Andrew Ng has serious street cred in artificial intelligence. He pioneered the use of graphics processing units (GPUs) to train deep learning models in the late 2000s with his students at Stanford University, cofounded Google Brain in 2011, and then served for three years as chief scientist for Baidu, where he helped build the Chinese tech giant’s AI group. So when he says he has identified the next big shift in artificial intelligence, people listen. And that’s what he told IEEE Spectrum in an exclusive Q&A.

Ng’s current efforts are focused on his company Landing AI, which built a platform called LandingLens to help manufacturers improve visual inspection with computer vision. He has also become something of an evangelist for what he calls the data-centric AI movement, which he says can yield “small data” solutions to big issues in AI, including model efficiency, accuracy, and bias.

Andrew Ng on...

The great advances in deep learning over the past decade or so have been powered by ever-bigger models crunching ever-bigger amounts of data. Some people argue that that’s an unsustainable trajectory. Do you agree that it can’t go on that way?

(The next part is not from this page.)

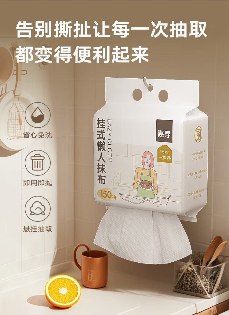 Huixun trapo perezoso desechable 150*2 levanta toalla de papel de cocina extraíble toalla colgante para platos

Andrew Ng: This is a big question. We’ve seen foundation models in NLP [natural language processing]. I’m excited about NLP models getting even bigger, and also about the potential of building foundation models in computer vision. I think there’s lots of signal to still be exploited in video: We have not been able to build foundation models yet for video because of compute bandwidth and the cost of processing video, as opposed to tokenized text. So I think that this engine of scaling up deep learning algorithms, which has been running for something like 15 years now, still has steam in it. Having said that, it only applies to certain problems, and there’s a set of other problems that need small data solutions.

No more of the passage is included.